Cuando se detuvieron Ayla notó las dos manos que sujetaba. Volvían a estar en la cueva, sintiendo la música. Abrió los ojos y vio a Jondalar, a la Zelandoni y a Mejera. El candil situado en medio del círculo languidecía; el aceite casi se había consumido y ardía sólo una de las mechas. Tras ella, en la oscuridad, vio que se movía tembloroso el punto de luz de un candil, como si nadie lo estuviera sujetando. Acercaron otro candil y sustituyeron el que había en el centro. Estaban sentados sobre la piel, pero en ese momento a pesar de la ropa de abrigo, Ayla estaba aterida de frío.

Se soltaron las manos, pero ella y Jondalar mantuvieron el contacto aún por un instante, y cambiaron de postura. La que era Primera se aproximó a los cantores y, con una seña indicó que dieran por concluida la fuga musical. Encendieron muchos candiles y la gente empezó a ir de un sitio a otro. Algunos se levantaron y dieron patadas en el suelo.

–Quiero preguntarte una cosa, Ayla –dijo la poderosa mujer.

La joven la miró con expresión expectante.

–¿Has dicho que habías visto bisontes en las paredes?

–Sí, habían desaparecido los mamuts y todo estaba lleno de bisontes y después las paredes también desaparecieron y las pinturas se convirtieron en bisontes auténticos.
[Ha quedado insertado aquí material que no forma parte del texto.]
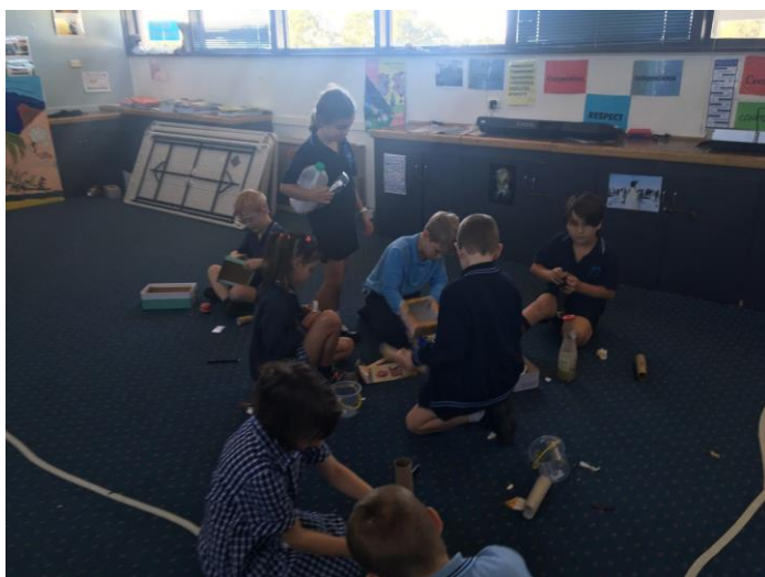
2H making their instruments from recycled materials
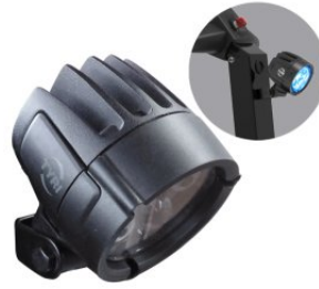
Blue LED light kit FRONT
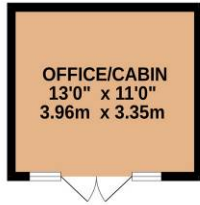
GROUND FLOOR 606 sq.ft. (56.3 sq.m.) approx.
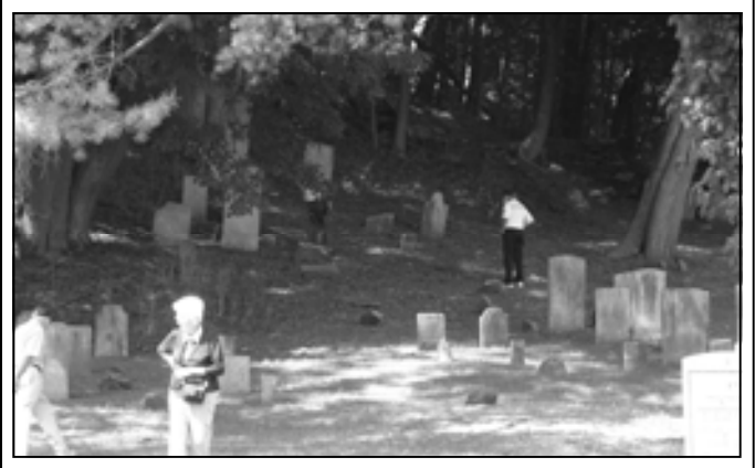
During a visit to "the quintessential New England town" of Bedford, N.Y. the group spent some time wandering through the old cemetery next to the town green looking for Seeleys.

After another lovely continental breakfast on the morning of Wednesday, Sept. 19, we boarded the trusty bus again, this time heading through Rhode Island toward Mystic, Conn. Mystic was a major seaport on the mouth of the Mystic River. The European settlement there was named after the native name for the area, Mistack. While Robert was living at Watertown (1634 - 1637), he was recruited to join the militia in their defense of the settlements receiving attacks from the Pequot Indians. The white settlers allied themselves Narragansetts and the Mohicans and journeyed to the Mystic area where the Pequots had forts and were preparing an attack. In this Peguot war of 1637, a band of soldiers and Indian warriors under the command of Captain John Mason (to whom Robert Seeley was second-in-command) attacked the Pequot fort at Mystic and burned it to the ground. Hundreds of Pequots perished in the attack, later to be known as the Massacre at Mystic. Our tour group gained insight into the causes of the Pequot war and its far-reaching effects by watching a documentary on the Massacre at Mystic while riding our
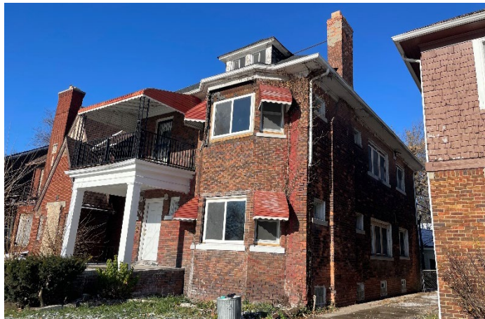
Site Photo 3, by Staff November 28, 2023: (South) front elevation, showing side wood windows replaced with vinyl windows.
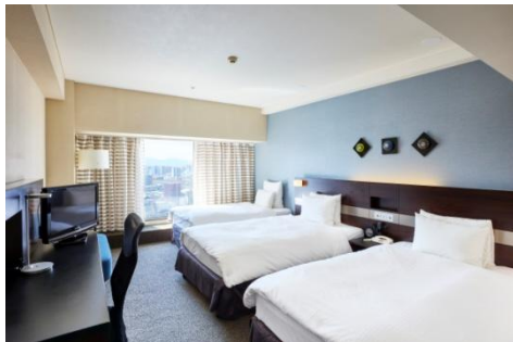
Standard Triple Non-smoking (27.1sqm) Bed size 120cm x 200cm *3 adults Only
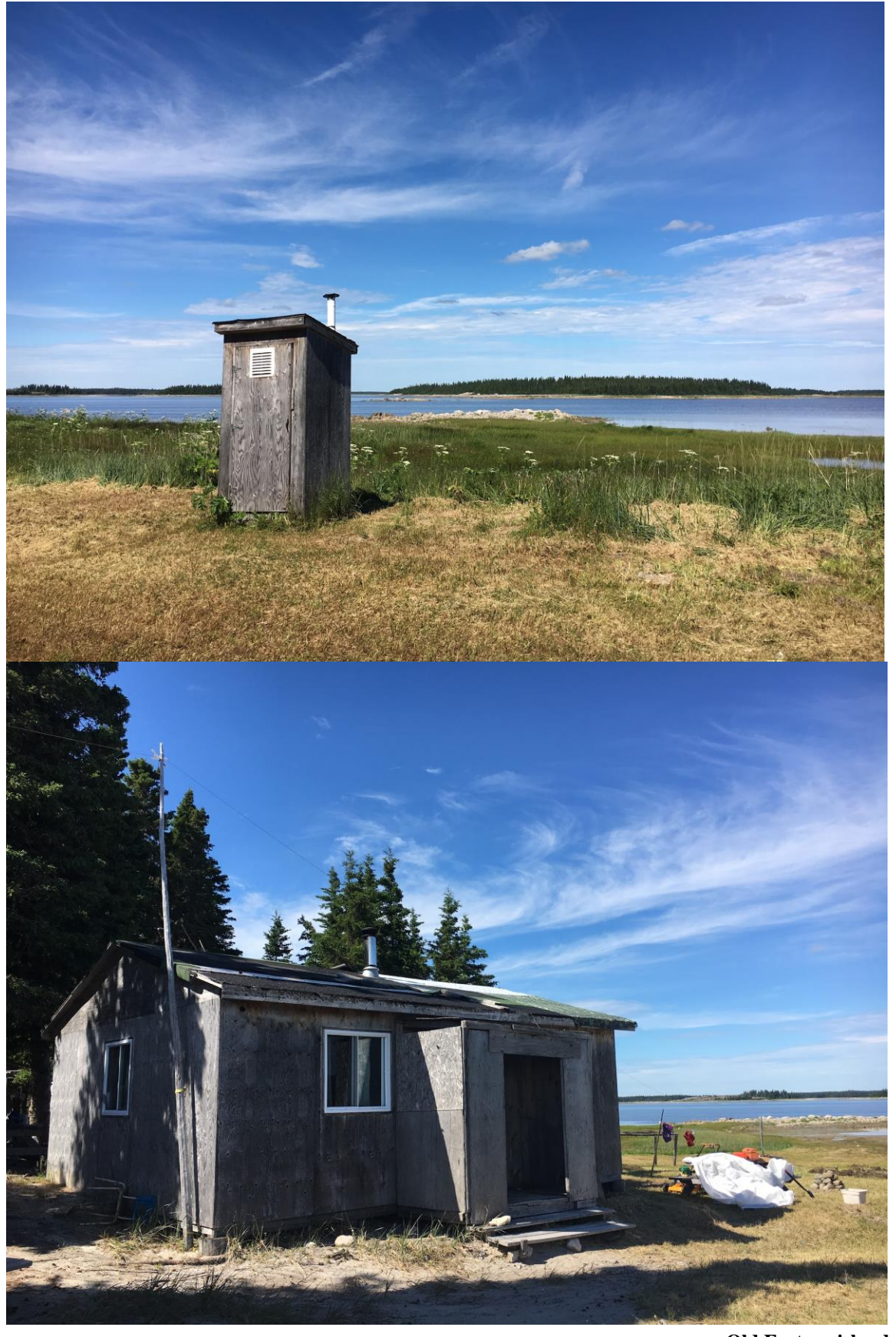
Old Factory island.
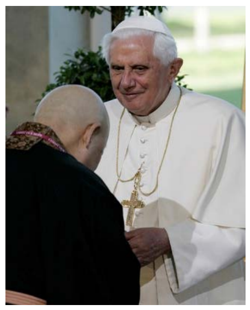
Shimano greets Pope Benedict XVI at an April 2008 interreligious gathering in Washington, D.C.

"Regardless of what it's called," Robin Westen told me, "it's a cult. You go away, you sleep maybe five hours a night, you're eating three bowls of rice on your knees, there's no talking, you're sitting on a cushion until your knees are killing you for 12 fucking hours a day. You're waking up at four in the morning and chanting, and the only person you can talk to is this dude in a little closet of a room. They're breaking you down."
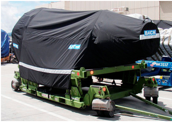
PW 2000 SERIES OFF-LINK ENGINE COVER, "rain cap" style
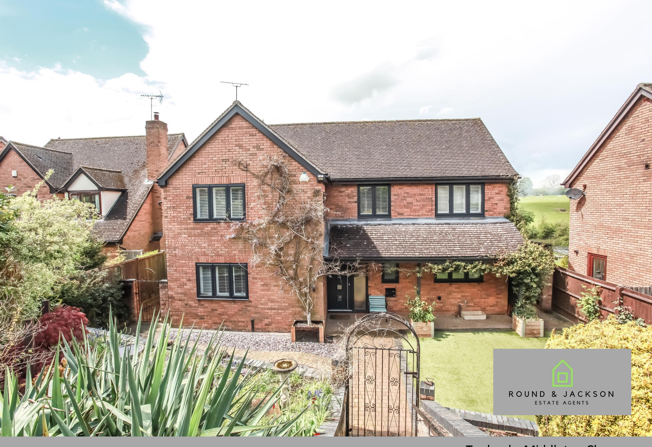
Tenlands, Middleton Cheney

Había otros animales, los caballos y los renos que se miran uno al otro, pero he visto este lugar como una cueva de bisontes –contestó Ayla.

–Creo que tu visión ha venido determinada por la reciente cacería de bisontes y la tragedia que provocó. Te viste muy implicada en ella y, además, atendiste a Shevoran –explicó la Primera–. Pero sospecho que tu visión tiene, además, otro significado. Has visto un gran número de bisontes en este lugar. Puede que el espíritu del Bisonte pretenda dar a entender a los zelandonia que se han cazado demasiados bisontes y es necesario suspender la caza en lo que queda de temporada, para superar el mal augurio.
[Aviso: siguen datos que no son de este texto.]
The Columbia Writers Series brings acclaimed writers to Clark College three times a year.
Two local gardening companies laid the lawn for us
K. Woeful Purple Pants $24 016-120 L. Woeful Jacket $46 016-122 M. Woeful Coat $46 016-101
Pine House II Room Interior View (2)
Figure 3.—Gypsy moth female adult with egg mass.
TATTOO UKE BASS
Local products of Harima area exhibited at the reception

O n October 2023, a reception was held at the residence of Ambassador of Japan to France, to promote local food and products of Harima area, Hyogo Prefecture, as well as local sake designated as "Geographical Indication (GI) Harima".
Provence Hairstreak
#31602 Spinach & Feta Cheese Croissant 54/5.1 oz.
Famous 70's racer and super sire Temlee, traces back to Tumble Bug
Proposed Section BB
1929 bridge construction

Se oyeron murmullos de asentimiento. Los zelandonia se sentían mejor pensando que podían hacer algo para apaciguar al espíritu del Bisonte y eliminar así el mal augurio que la inesperada muerte de Shevoran anunciaba. Informarían a sus cavernas de la prohibición de cazar bisontes; les complacía tener un mensaje que transmitir. Los acólitos recogieron las cosas que habían llevado a la cueva, volvieron a encender los candiles y los colocaron para iluminar el camino de salida. Los zelandonia abandonaron la cámara y se encaminaron hacia el exterior. Cuando llegaron al saliente de fuera, el sol se ponía ya en medio de un magnífico despliegue de intensos colores rojos, dorados y amarillos. Al regresar de Roca de la Fuente nadie tenía demasiadas ganas de hablar de la experiencia vivida en la profunda cueva. Los zelandonia fueron separándose del grupo para volver a sus respectivas cavernas. A Ayla le hubiera gustado saber qué sentían los demás, si experimentaban lo mismo que ella, pero no se atrevió a preguntarlo. Tenía muchas preguntas, pero no estaba segura de que fuera oportuno plantearlas, ni de que realmente quisiera oír las respuestas.